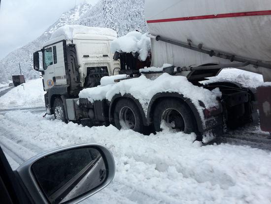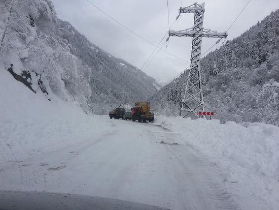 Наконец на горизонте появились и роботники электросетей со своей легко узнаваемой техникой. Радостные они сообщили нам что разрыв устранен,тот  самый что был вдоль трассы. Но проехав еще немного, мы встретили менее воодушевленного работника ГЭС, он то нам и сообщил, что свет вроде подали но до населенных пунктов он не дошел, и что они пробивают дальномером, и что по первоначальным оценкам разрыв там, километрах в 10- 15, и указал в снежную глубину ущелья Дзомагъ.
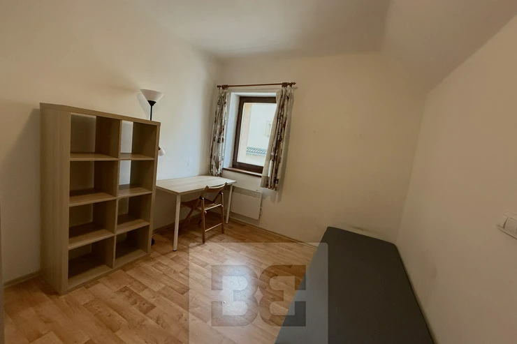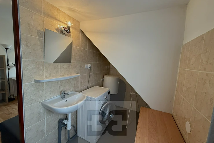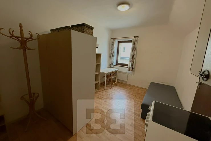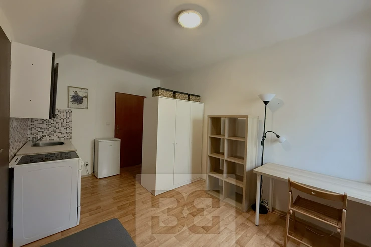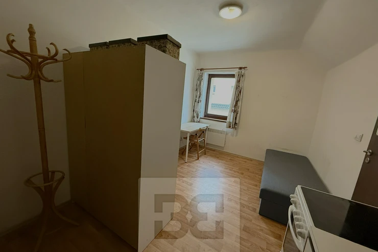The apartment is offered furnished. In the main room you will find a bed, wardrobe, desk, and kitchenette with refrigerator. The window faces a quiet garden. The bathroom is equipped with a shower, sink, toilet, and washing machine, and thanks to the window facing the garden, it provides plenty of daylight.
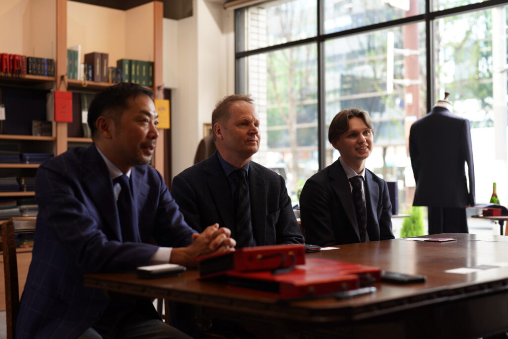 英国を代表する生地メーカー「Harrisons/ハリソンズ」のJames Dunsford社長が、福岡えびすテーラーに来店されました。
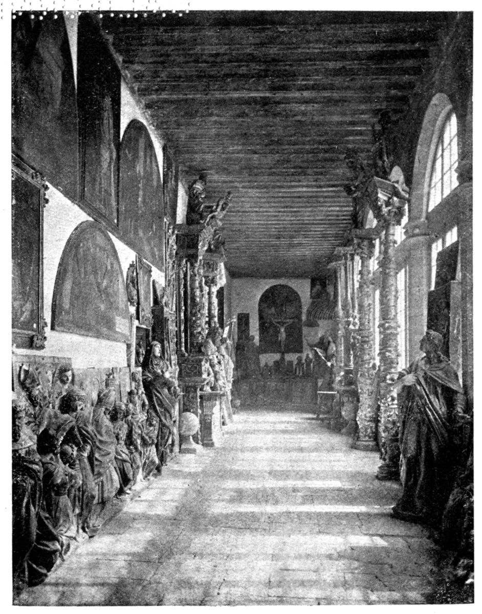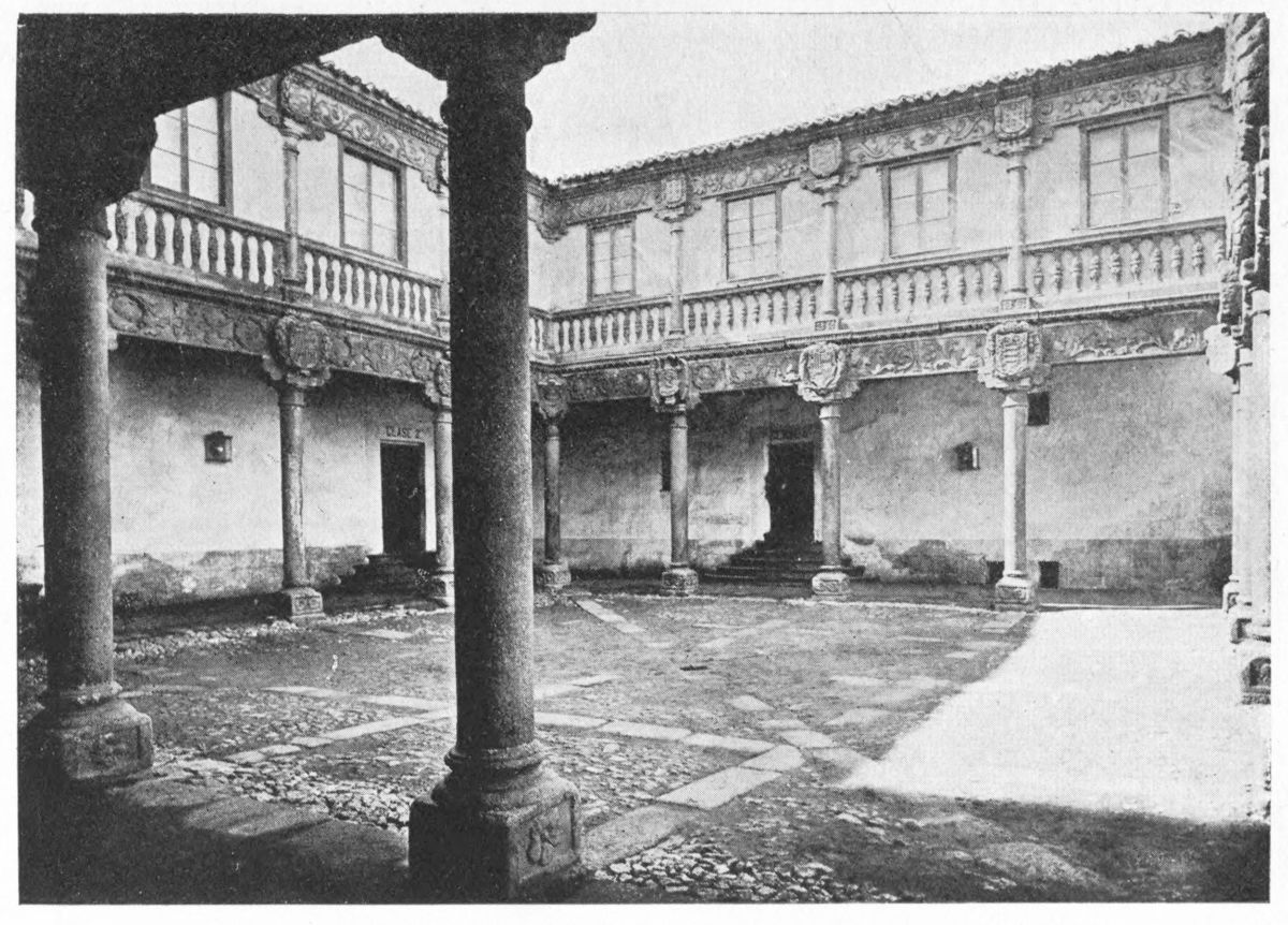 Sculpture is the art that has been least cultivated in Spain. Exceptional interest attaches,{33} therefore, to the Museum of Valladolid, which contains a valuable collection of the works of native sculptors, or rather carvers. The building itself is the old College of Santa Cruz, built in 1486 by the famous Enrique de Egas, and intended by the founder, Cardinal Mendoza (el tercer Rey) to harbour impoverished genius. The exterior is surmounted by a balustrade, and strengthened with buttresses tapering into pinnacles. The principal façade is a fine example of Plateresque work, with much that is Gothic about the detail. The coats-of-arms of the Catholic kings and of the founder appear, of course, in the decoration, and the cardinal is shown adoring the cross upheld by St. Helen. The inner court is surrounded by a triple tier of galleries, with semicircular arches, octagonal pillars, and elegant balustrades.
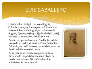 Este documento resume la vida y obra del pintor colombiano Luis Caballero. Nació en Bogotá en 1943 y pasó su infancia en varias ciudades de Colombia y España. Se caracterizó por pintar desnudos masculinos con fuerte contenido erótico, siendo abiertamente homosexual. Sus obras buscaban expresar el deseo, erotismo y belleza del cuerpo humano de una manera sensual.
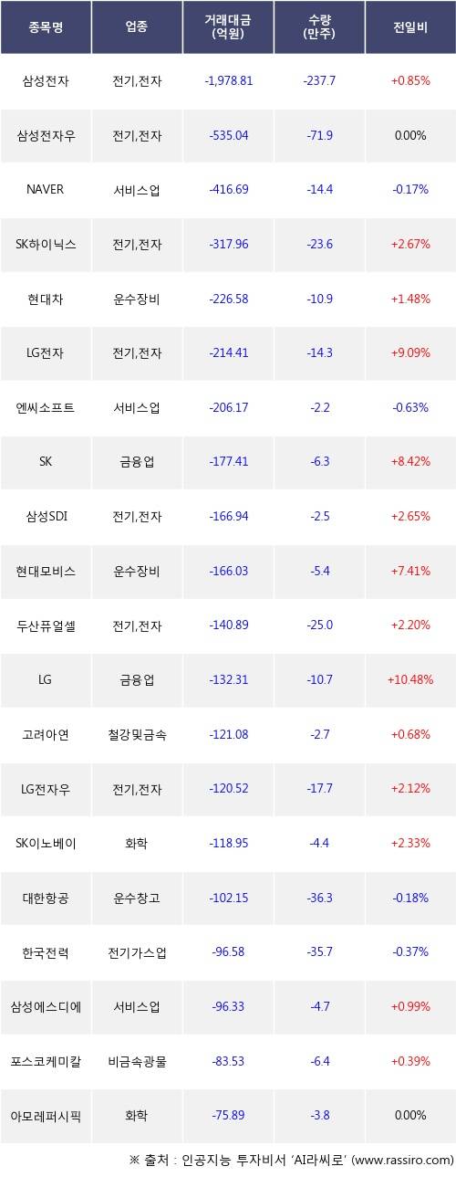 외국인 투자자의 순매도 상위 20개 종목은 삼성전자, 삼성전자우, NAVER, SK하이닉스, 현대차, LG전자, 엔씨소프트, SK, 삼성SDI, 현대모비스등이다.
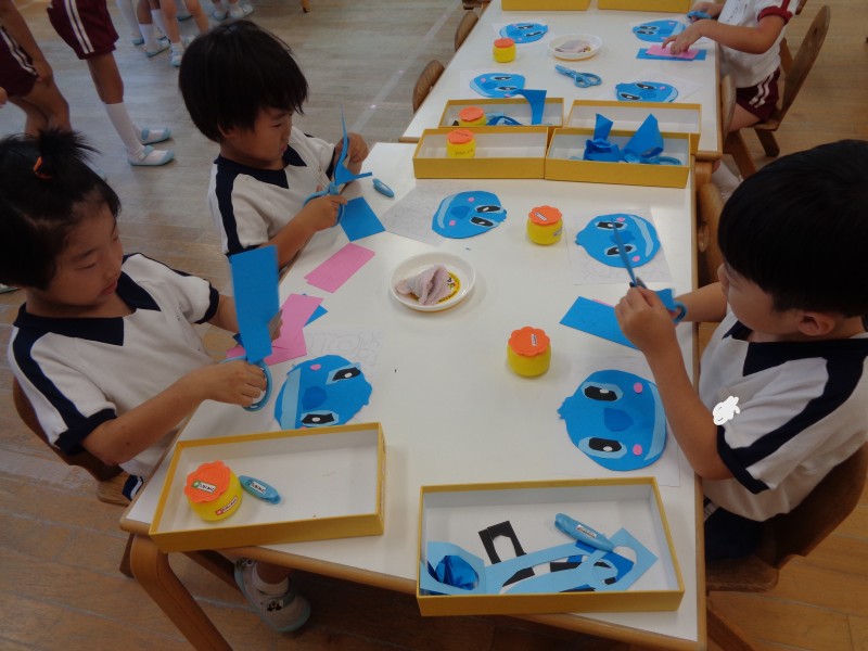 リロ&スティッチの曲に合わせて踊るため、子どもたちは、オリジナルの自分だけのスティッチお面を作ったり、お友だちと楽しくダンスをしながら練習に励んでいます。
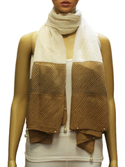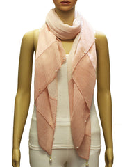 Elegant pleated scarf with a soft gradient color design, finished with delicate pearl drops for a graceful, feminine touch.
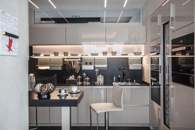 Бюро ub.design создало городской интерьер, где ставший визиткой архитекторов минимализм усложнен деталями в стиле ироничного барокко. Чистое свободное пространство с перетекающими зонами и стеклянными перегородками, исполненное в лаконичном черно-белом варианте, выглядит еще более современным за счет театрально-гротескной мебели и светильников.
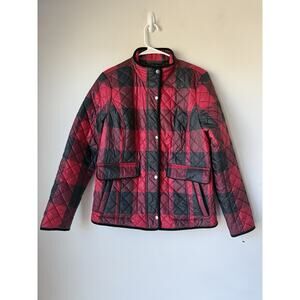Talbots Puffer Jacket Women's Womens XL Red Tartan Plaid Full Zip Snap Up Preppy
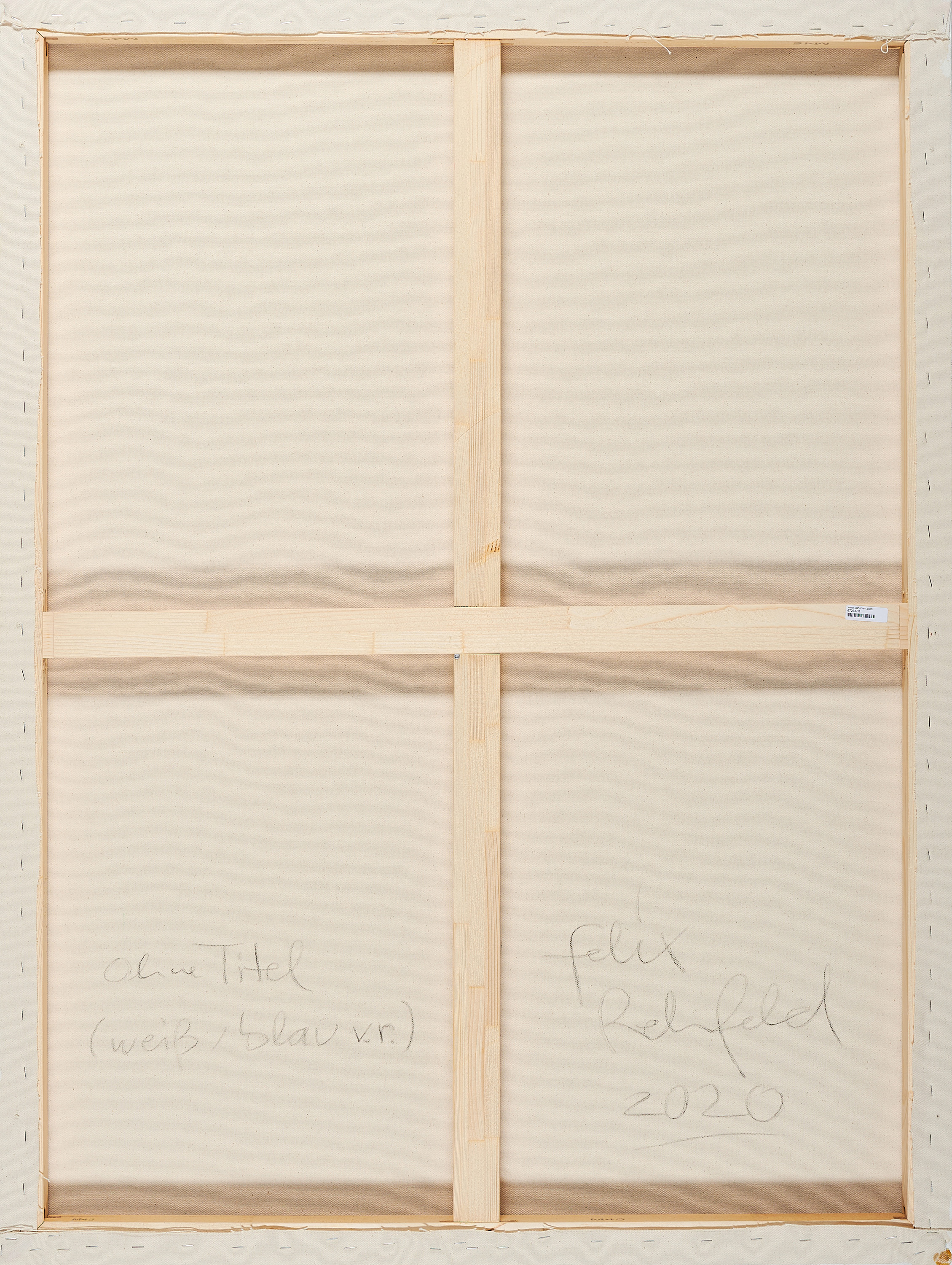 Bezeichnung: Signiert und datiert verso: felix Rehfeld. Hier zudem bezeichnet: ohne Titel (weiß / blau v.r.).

..............................

#### Activity
All lines above between the line that contains "Бюро ub.design создало" and the last line of the entries, both included, must be transcribed exactly. No pictures are to appear.

#### Written response
 Бюро ub.design создало городской интерьер, где ставший визиткой архитекторов минимализм усложнен деталями в стиле ироничного барокко. Чистое свободное пространство с перетекающими зонами и стеклянными перегородками, исполненное в лаконичном черно-белом варианте, выглядит еще более современным за счет театрально-гротескной мебели и светильников.
Talbots Puffer Jacket Women's Womens XL Red Tartan Plaid Full Zip Snap Up Preppy
 Bezeichnung: Signiert und datiert verso: felix Rehfeld. Hier zudem bezeichnet: ohne Titel (weiß / blau v.r.).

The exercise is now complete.